For What It's Worth

© 2002, Matt Mullenix, Baton Rouge, LA

A satisfactory hobby must be in large degree useless, inefficient, laborious, or irrelevant . . . All in all, falconry is the perfect hobby.

-Aldo Leopold, A Sand County Almanac


Americans value productivity. We think everything ought to pull its own weight, and we apply this standard uniformly to land, money, our marriages and our children's educations. Even our hobbies tend to serve some practical purpose (increase fitness, relieve stress, lower cholesterol), and if they can make us rich or famous, so much the better. Why settle for any single benefit when we might get two or three others with a little extra effort?

The rest of the world knows we're nuts for this. Some things are worthwhile just as they are - without profit or obvious utility - and what excels in one way shouldn't have to excel in every way to justify its value. A trained hawk is but one excellent example: Here is a creature of intrinsic value far beyond our human estimations and expectations. Even a Damn Yank can see that.

Yet . . . ask me why my Harris' hawk Charlie is so good, and I'll tell you about the afternoon he caught four rabbits and three rails. I'll tell you my free time is limited; so I need a hawk that does it all, flies any quarry under any circumstance. Charlie doesn't really do that, mind you, but that's the goal. And that's also my point: Somehow the value of my falconry depends increasingly on the ability of my hawks to "produce." To produce what? Fast and varied flights, high excitement, personal challenge, self-satisfaction, healthful exercise, deep diversion and a freezer full of game.
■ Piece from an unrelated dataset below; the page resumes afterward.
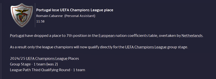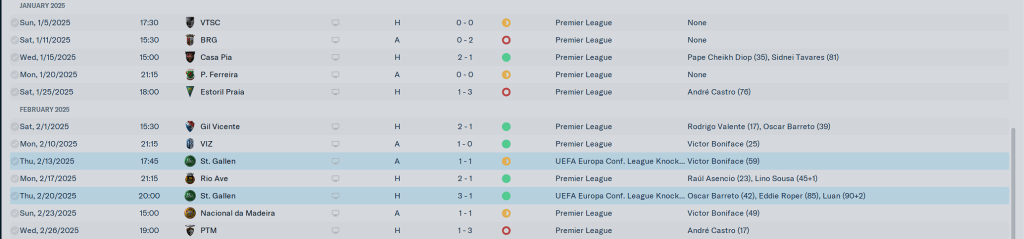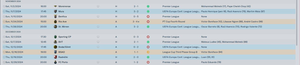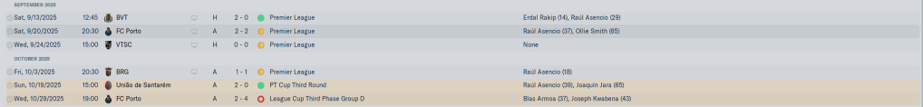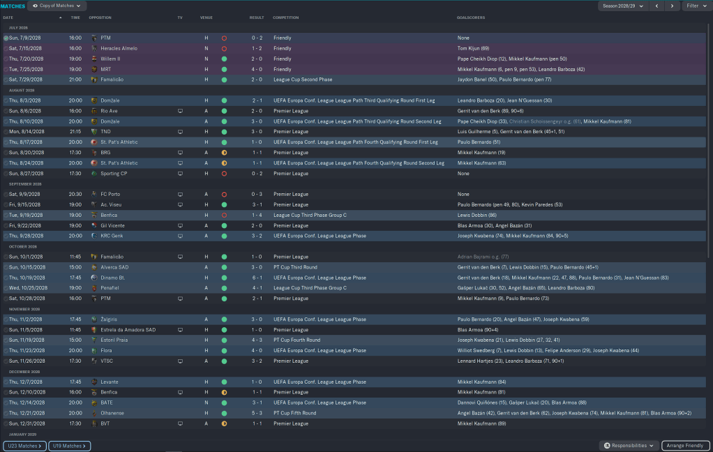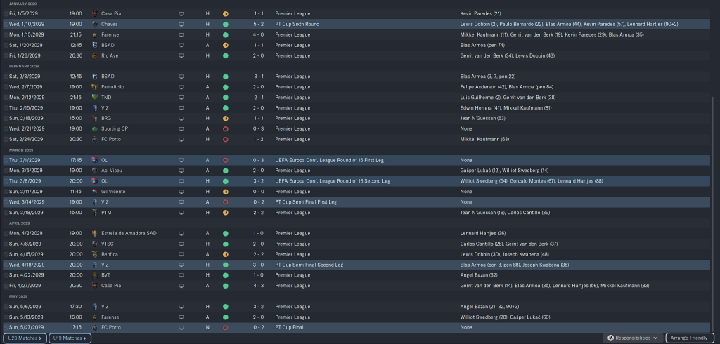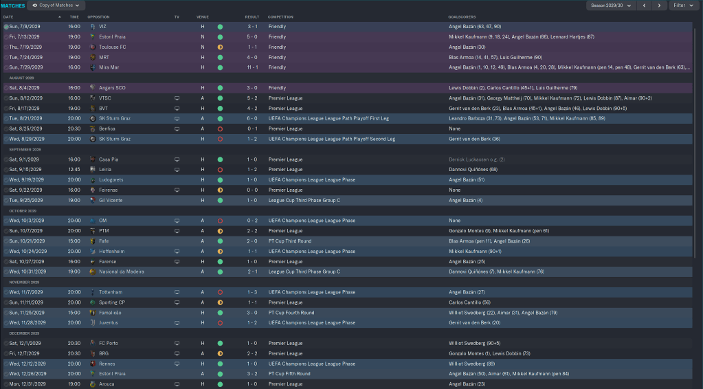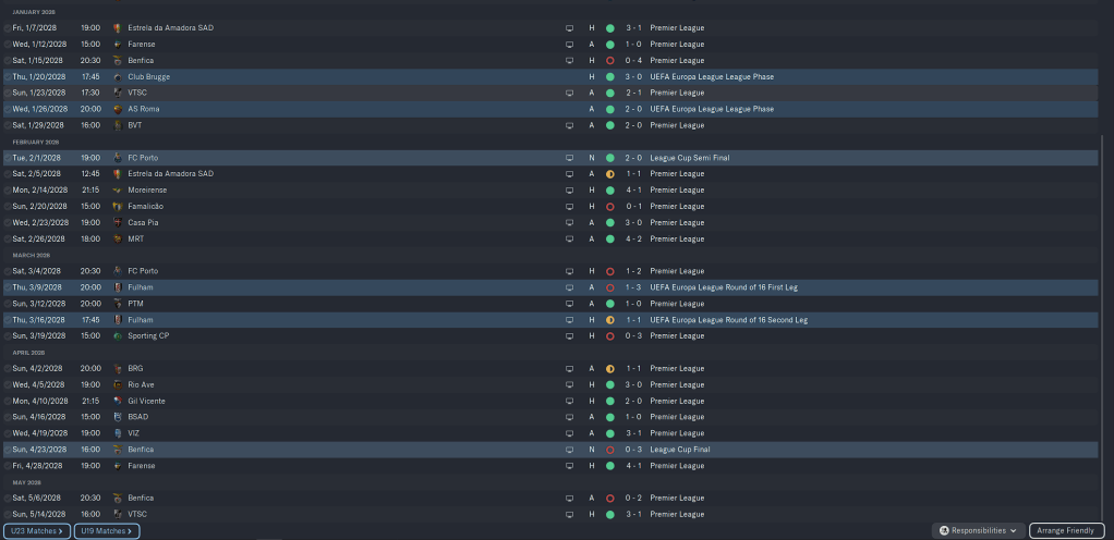 Our European group was very tough, but beating AEK, Rosenborg, and CSKA Sofia while drawing with Nantes and FC Rapid saw us go thru to the latter stages. Domestically we were beating the teams we were supposed to be beating for the most part, but losses the Belenenses and Casa Pia were bothersome.

To Charlie's credit, he delivers on all points. But if his abilities lack any desirable thing, it is the element of surprise. The odds have always been in Charlie's favor. His parents performed just as well and over much of the same ground he flies today. I chose his species, and specifically him, because I felt these were the best suited to my hawking. I was, predictably, right. Charlie's is the curse of old money: the expectation of success.

But there was a time before all expectation. At fourteen years of age, my first falconry experiences were more like a summer camp crush: I loved my little broad-winged hawk, and anything she did was fine by me. When she finally flapped across the yard to my hand, I was dumbstruck and wide-eyed, almost panting. Weeks later, when she chased a robin beneath a neighbor's hedge, I crawled in beside her and knew no other ambition but to sit and watch her eat.

Ask that young man why his hawk is so good, and what will he say? His answer would have nothing to do with a full freezer or the benefits of good sport and exercise - things I didn't know falconry could provide. It would be an answer naïve and amusing, sweet in a way I now think of my children. Maybe I'd say she loved me. Or maybe I wouldn't have understood the question.

There is the arc of the distance between then and now. It is a distance I can barely see across or remember traveling. I wonder what I've lost along the way and if it's worth replacing.

My friend Eric still flies birds he's never tried before. He is a good falconer and notably competent in other pursuits, a man accustomed to success. But his failures are more interesting: There was a hybrid gyr, a huge, playful beast who never took his hunting seriously. There was a tiny prairie tiercel, trapped after great effort in the arid plains of Texas and flown briefly in the wet pastures of central Florida. Today he's training a young Barbary tiercel: a promising yet (at least to Eric) unproven imported speedster he hopes will catch a snipe.

Through each of these experiments, Eric has kept Daisy - a big, steady peregrine who kills lots of ducks. Before Daisy there was Buck, another killer of ducks. Before Buck, a string of red-tailed hawks and truckloads of small, dead mammals. There were merlins, too, Eric's being typically tame and deadly. Whatever his goal with a new bird, it is something more elusive than a repetition of past victory. And I suspect it is more elusive than a snipe.

I wonder why a man so familiar with success flirts so with failure. Maybe I don't understand the question. Just speaking the words success and failure must prove the nagging bias of my mind. It could be that Eric's falconry, as Leopold commended any good hobby, seeks no rational justification - that the snipe he hopes to catch is just the pretense of a snipe, the pretense of yet another victory. If so, this is the shiny thing I've lost along the way.